Maggie Stiefvaters Bücher leben von einer sagenhaften Atmosphäre, die einem das Gefühl geben, mitten in reale Legenden abtauchen zu dürfen. Das ist auch bei „Wer die Lilie träumt“ nicht anders. Maggie Stiefvater beweist mal wieder meisterhaft, dass sie eine wahre Künstlerin ist. Sie entführt ihre Leser in einzigartige Welten, wie man sie noch nie zuvor bereisen durfte, lässt sie Abenteuer miterleben, die mitreißender kaum sein könnten, und fesselt sie mit einer Wortgewalt an ihre Seiten, vor der man nicht entfliehen kann (selbst wenn man es wollte!). Maggie Stiefvater schreibt mit Herzblut und Kreativität wie keine Zweite. Ihre Geschichten faszinieren, verzaubern, begeistern – und genau das schafft auch „Wer die Lilie träumt“ mit Leichtigkeit. Ich habe diese Geschichte nicht nur gelesen, sondern mit ganzem Herzen geträumt. Ich habe jedes Wort inhaliert, sodass „Wer die Lilie träumt“ viel zu schnell schon wieder ausgelesen war.

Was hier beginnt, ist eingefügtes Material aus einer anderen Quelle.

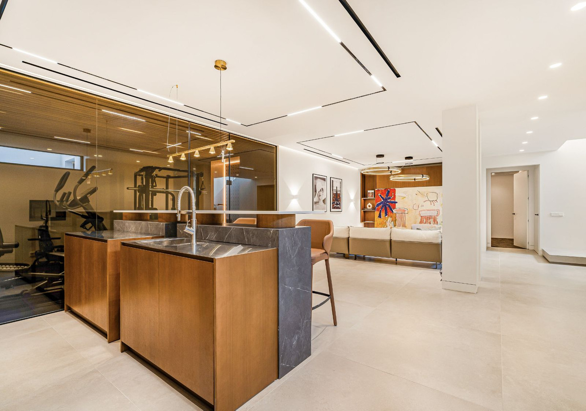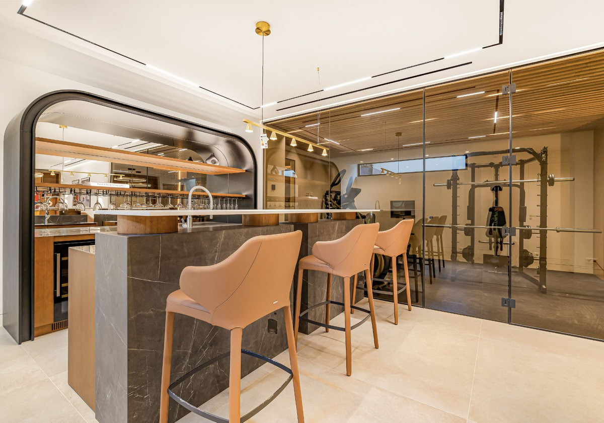 The basement is a luxurious sanctuary equipped with a Finnish sauna, gym, a large additional bedroom, storage room, home cinema, guest toilet, TV area, and a uniquely designed bar. Furniture and carpets supplied by prestigious Italian brands such as "Bonaldo", "Ditre", and "Talenti" enhance the villa's elegance and comfort.

Ganz kritisch betrachtet muss ich zugeben, dass „Wer die Lilie träumt“ den Haupthandlungsstrang der Buchreihe nur mäßig vorangetrieben hat. Was Blue und die „Raven Boys“ während der 500 Seiten erleben und entdecken, hätte auch in wesentlich kürzerer Zeit erzählt werden können. Maggie Stiefvater verfolgt den roten Faden ihrer Buchreihe nicht konsequent, sie webt auch viele neue Handlungsstränge in ihr dichtes Geschichtennetz, die nicht immer etwas mit der Suche nach Glendower zu tun haben. Während andere Autoren sich auf diese Weise häufig in langatmigen Belanglosigkeiten verstricken, macht Maggie Stiefvater ihren Roman erst durch diese vermeintlichen Nebensächlichkeit so besonders. Sie beschränkt sich eben nicht bloß auf ihren Plot, den sie erzählen will. Sie geht auf intensive und eindringliche Art auf ihre Charaktere ein, haucht ihnen Leben ein und schildert mit viel Liebe zum Detail, was ihre Figuren fühlen, denken, erleben. „Wer die Lilie träumt“ hat durchaus auch einige sehr spannende Momente, doch die ruhige und bedeutungsvolle Ebene ihres Romans stets deutlich im Vordergrund. Ich liebe den Erzählstil der Autorin und für mich war „Wer die Lilie träumt“ nicht ein Wort zu lang.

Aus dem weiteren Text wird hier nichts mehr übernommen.